Now, let's visualize the cleaned data to understand listening habits. We will explore:
-   **Listening Time Over Time**: A timeline of total listening minutes per month.
-   **Hourly Listening Patterns**: A heatmap showing listening activity by day of the week and hour.
-   **Top Artists and Songs**: Bar charts of the most frequently played artists and tracks.

In [5]:
# --- Visualization 1: Listening Time Over Time ---
print(f"{'='*70}")
print("EDA 1: LISTENING TIMELINE")
print(f"{'='*70}")

# Resample data by month and sum the listening time
df_cleaned['ts_month'] = df_cleaned['ts'].dt.to_period('M').dt.to_timestamp()
monthly_listening = df_cleaned.groupby('ts_month')['ms_played'].sum().reset_index()
monthly_listening['hours_played'] = monthly_listening['ms_played'] / (1000 * 60 * 60)

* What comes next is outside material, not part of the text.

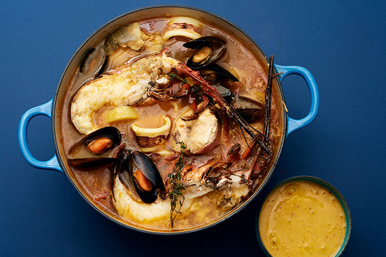 ブイヤベースは南仏の漁師町で生まれた魚介の旨味たっぷりなスープ。海老、貝、白身魚を殻や骨ごとじっくり...

# Create the timeline plot
fig_timeline = px.line(
    monthly_listening,
    x='ts_month',
    y='hours_played',
    title='Total Monthly Listening Time (Hours)',
    labels={'ts_month': 'Month', 'hours_played': 'Total Listening Hours'},
    markers=True,
    template='plotly_dark'
)
fig_timeline.update_layout(title_x=0.5)
fig_timeline.show()

EDA 1: LISTENING TIMELINE


In [6]:
# --- Visualization 2: Hourly Listening Patterns ---
print(f"\n{'='*70}")
print("EDA 2: HOURLY LISTENING HEATMAP")
print(f"{'='*70}")

# Create a pivot table of listening counts by day and hour
hourly_listening = df_cleaned.pivot_table(
    index='day_of_week',
    columns='hour',
    values='ts',
    aggfunc='count'
).fillna(0)

# Order the days of the week correctly
days_order = ['Monday', 'Tuesday', 'Wednesday', 'Thursday', 'Friday', 'Saturday', 'Sunday']
hourly_listening = hourly_listening.reindex(days_order)

# Create the heatmap
fig_hourly = px.imshow(
    hourly_listening,
    title='Listening Habits: Heatmap of Streams by Day and Hour',
    labels={'x': 'Hour of Day', 'y': 'Day of Week', 'color': 'Total Streams'},
    template='plotly_dark'
)
fig_hourly.update_layout(title_x=0.5)
fig_hourly.show()


EDA 2: HOURLY LISTENING HEATMAP


In [7]:
# --- Visualization 3: Top Artists and Songs ---
print(f"\n{'='*70}")
print("EDA 3: TOP ARTISTS AND SONGS")
print(f"{'='*70}")

# Calculate top artists by listening time
artist_listening_time = df_cleaned.groupby('master_metadata_album_artist_name')['ms_played'].sum() / (1000 * 60)
top_artists = artist_listening_time.sort_values(ascending=False).head(15)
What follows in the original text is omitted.